Live album by Stan Kenton Orchestra
- Released: 1970
- Recorded: August 3–5, 1970
- Studio: (live) Redlands University, Redlands, California, United States
- Genre: Jazz, Big band
- Length: 74:53
- Label: Creative World Records, GNP Crescendo
- Producer: Dick Shearer

Stan Kenton Orchestra chronology
| Hair (1969) | Live at Redlands University (1970) | Live at Brigham Young University (1971) |

= Live at Redlands University =

Live at Redlands University is a double live album by American jazz musician Stan Kenton and his orchestra, released in late 1970 by Creative World Records. It was the initial release on Kenton's newly formed record company after he broke his relationship with Capitol Records. Recording for the album took place in Southern California at Redlands University in August 1970.

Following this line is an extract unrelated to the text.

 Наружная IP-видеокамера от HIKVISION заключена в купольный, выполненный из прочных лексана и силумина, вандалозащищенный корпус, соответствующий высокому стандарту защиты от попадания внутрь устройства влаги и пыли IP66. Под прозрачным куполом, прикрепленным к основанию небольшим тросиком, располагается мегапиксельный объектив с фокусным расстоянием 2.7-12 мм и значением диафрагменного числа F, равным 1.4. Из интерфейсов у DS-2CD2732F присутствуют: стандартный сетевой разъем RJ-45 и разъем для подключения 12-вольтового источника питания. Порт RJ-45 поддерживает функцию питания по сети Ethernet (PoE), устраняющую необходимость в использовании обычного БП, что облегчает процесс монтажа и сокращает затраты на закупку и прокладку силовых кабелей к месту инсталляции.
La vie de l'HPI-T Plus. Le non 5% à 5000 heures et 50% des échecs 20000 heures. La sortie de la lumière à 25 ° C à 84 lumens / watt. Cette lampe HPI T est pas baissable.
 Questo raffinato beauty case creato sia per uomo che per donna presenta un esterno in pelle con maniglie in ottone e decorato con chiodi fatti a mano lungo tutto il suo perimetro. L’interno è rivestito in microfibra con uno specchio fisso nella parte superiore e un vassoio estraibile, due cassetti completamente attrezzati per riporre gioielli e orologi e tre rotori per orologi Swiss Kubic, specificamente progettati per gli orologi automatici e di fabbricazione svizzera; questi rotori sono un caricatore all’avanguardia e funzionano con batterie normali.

The album's influence on future large ensemble jazz composition and arranging has led critiques to acknowledge it as an influential album of the later Kenton orchestras and of the 1970s. The album is a class production, and musically a success to interpret the Kenton style in contemporary terms in a live setting.

==Background==
Up to the time of Live At Redlands University the band had released recordings with Capitol. The 1969 Capitol release of Stan Kenton: the music of 'HAIR' was the last Kenton LP with that label and was moving in a direction beyond away from which the Kenton 'brand name' had been built on since 1943. He had no involvement in the Hair LP except for Kenton's name placed on the jacket cover; Ralph Carmichael and Lennie Niehaus were placed in charge of the project. Capitol producer Lee Gillette was trying to exploit the money making possibilities of the popular 1968 musical featuring contemporary rock music. Due to lack of promotion by Capitol, the LP was a financial failure; this would be the last release for Kenton under the aegis of Capitol.

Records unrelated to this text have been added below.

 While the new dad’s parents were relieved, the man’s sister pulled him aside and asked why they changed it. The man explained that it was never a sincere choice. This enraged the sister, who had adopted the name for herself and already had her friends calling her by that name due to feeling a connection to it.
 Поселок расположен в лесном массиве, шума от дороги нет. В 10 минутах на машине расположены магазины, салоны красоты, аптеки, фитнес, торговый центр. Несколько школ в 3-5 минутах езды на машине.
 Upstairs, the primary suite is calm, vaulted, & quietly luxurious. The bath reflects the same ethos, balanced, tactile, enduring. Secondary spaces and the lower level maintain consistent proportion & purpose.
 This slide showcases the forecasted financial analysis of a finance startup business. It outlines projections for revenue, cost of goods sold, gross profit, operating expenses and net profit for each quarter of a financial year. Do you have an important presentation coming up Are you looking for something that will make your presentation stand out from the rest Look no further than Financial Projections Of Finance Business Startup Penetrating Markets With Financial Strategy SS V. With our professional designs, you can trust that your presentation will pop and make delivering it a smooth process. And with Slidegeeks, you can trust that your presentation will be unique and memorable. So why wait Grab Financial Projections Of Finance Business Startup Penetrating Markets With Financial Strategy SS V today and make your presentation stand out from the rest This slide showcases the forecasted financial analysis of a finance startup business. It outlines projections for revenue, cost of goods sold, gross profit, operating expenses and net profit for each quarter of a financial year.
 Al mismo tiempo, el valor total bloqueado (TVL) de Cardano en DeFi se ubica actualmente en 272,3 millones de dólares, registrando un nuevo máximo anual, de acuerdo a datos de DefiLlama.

The transition from Capitol to Creative World Records in 1970 was fraught with difficulties during a time when the music business was changing rapidly. As a viable jazz artist who was trying to keep a loyal but dwindling following, Kenton turned to arrangers such as Hank Levy and Bob Curnow to write material that appealed to a younger audience. The first release for the Creative World label were live concerts and Kenton had the control he wanted over content but lacked substantial resources to engineer, mix, and promote what Capitol underwrote in the past. Kenton would take a big gamble to bypass the current record industry and rely far more on the direct mail lists of jazz fans which the newly formed Creative World label would need to sell records.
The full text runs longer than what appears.